A visual guide to pmp exam content outline (eco) 2026: full breakdown for the 2026 PMP Exam
What the PMP ECO 2026 Actually Says
The official ECO 2026 (sourced from PMI's published document) defines three domains: People 33%, Process 41%, Business Environment 26%. The Business Environment domain jumped from ~8% to 26% — the most dramatic reweighting in recent PMP history. The ECO now contains 25 tasks across three domains, with new tasks covering AI, sustainability, compliance, and organizational governance that did not exist in the 2021 ECO.
PMP Exam 2026: Why the ECO Matters More Than PMBOK 8
Most candidates spend 90% of their preparation time studying PMBOK 8. The ones who pass efficiently spend a significant portion of that time studying the ECO. There is a reason for that — and the secret to this distinction is understanding exactly what each document does.
PMBOK 8 tells you what project management knowledge exists. The ECO tells you what PMI will test you on, in what proportions, at what depth, and through which specific task framings. They are different documents with different purposes. Every PMP question is written by certified SMEs, mapped to a specific ECO task, and validated against the ECO's percentage allocations. The PMBOK 8 guide informs many of those tasks — but the ECO is the authoritative blueprint.
Reading the ECO 2026 takes approximately 30 minutes. I recommend every candidate read it at the start of their preparation — before opening a prep book, before watching a video course, before taking a practice exam.
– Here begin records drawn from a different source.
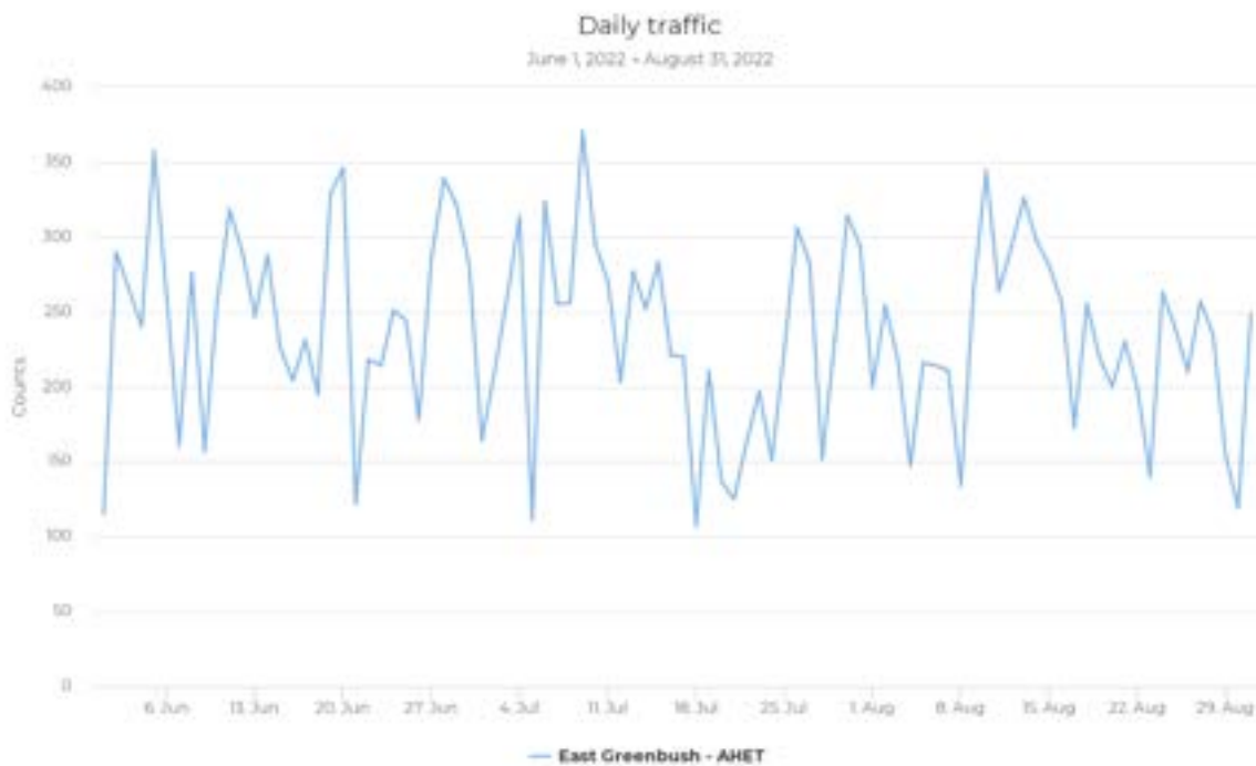
Above: daily AHET visitation from June 1 to August 31 in East Greenbush, illustrating visitation is highly impacted by daily weather conditions (sunny vs. rainy days).

Although AHET visitation follows a predictable seasonal cycle (lowest in winter months, highest from May through September), day-to-day weather greatly influences trail visitation. The graphic below depicts the number of trail users passing the East Greenbush counter each day during the 3-month period from June 1 to August 31, 2022, during the peak summer trail season.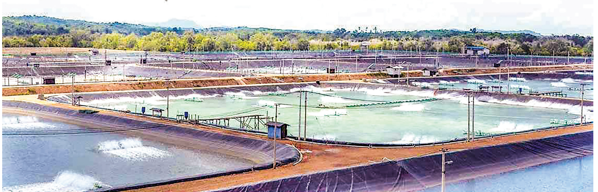
Some saltwater shrimp farming is seen in Myeik Archipelago. Several islands in the Myeik Archipelago, including Katan Island, Masanpa Island, Kyagyiaiw Island, and islands in Palaw and Thahtay, host saltwater shrimp farming businesses that export to the Thai market.

U Tun Naung Oo, the district officer of the Myeik District Fisheries Department (Taninthayi Region), reports a shift towards farming rather than fishing in the Myeik Archipelago. This change comes as saltwater shrimp farming businesses show reasonable success.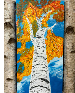
Art by Herb Jagow Featured Artist at Cochise College Benson Center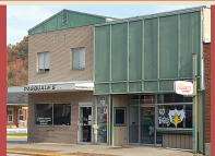
182 East Main Street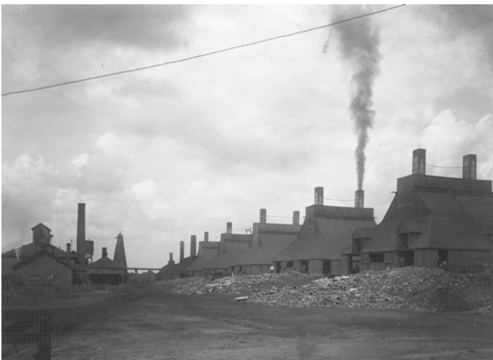
Zinc Smelters, Pittsburg, 1909.

Many stories, photographs, inspection reports, and records of these miners are preserved in the collections of the Kansas Historical Society.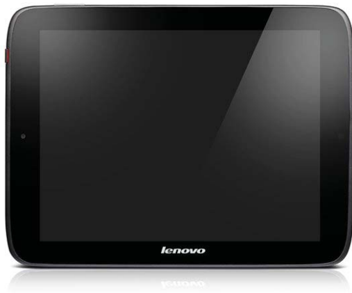
IdeaTab S2109 (Front)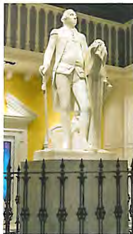
The Hubbard copy of Jean Antoine Houdon's famous likeness

A dedication ceremony was held on 1 April 2017 and featured tours of the expansive gallery exhibits, period military music, and eighteenth-century interpretive experiences in the newly expanded Continental Army encampment and Revolution-era farm on adjacent property.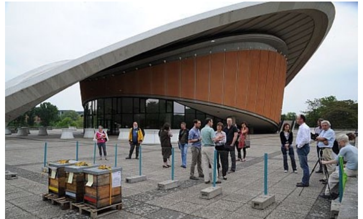
Bee hives at the HKW / Copyright: Joachim Loch

AUSTERTRAU established the Haus der Kulturen der Welt – also known in Berlin as the “pregnant oyster” – as a model case study that shows under what conditions sustainable art is possible. This communication and research project spanned utopian artistic concepts and ideas to scientifically founded observations all the way to practical implementation in the Haus and its environment. Dialogue and idea development with the staff of the HKW played a central role in identifying concrete approaches to art and sustainable living. During the Festival “Austerbank” – a shell-shaped infopoint – was installed.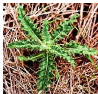
Figure 2 (top).—Canada thistle flowers. Figure 3 (lower).—Canada thistle rosette.

Note: Before you apply herbicide on forest land, you must file a "notification of operations" with the Oregon Department of Forestry at least 15 days in advance.

It gives you the strategic map that everything else fits inside.
The most common mistake I see in candidates who fail the PMP is that they studied around the ECO rather than from it. They read PMBOK 8 cover to cover and ignored that Business Environment jumped to 26%. What PMI changed here is actually a gift for strategic candidates — that 26% is clearly signaled in the ECO, which means prepared candidates can allocate their study time to precisely match what the exam will test.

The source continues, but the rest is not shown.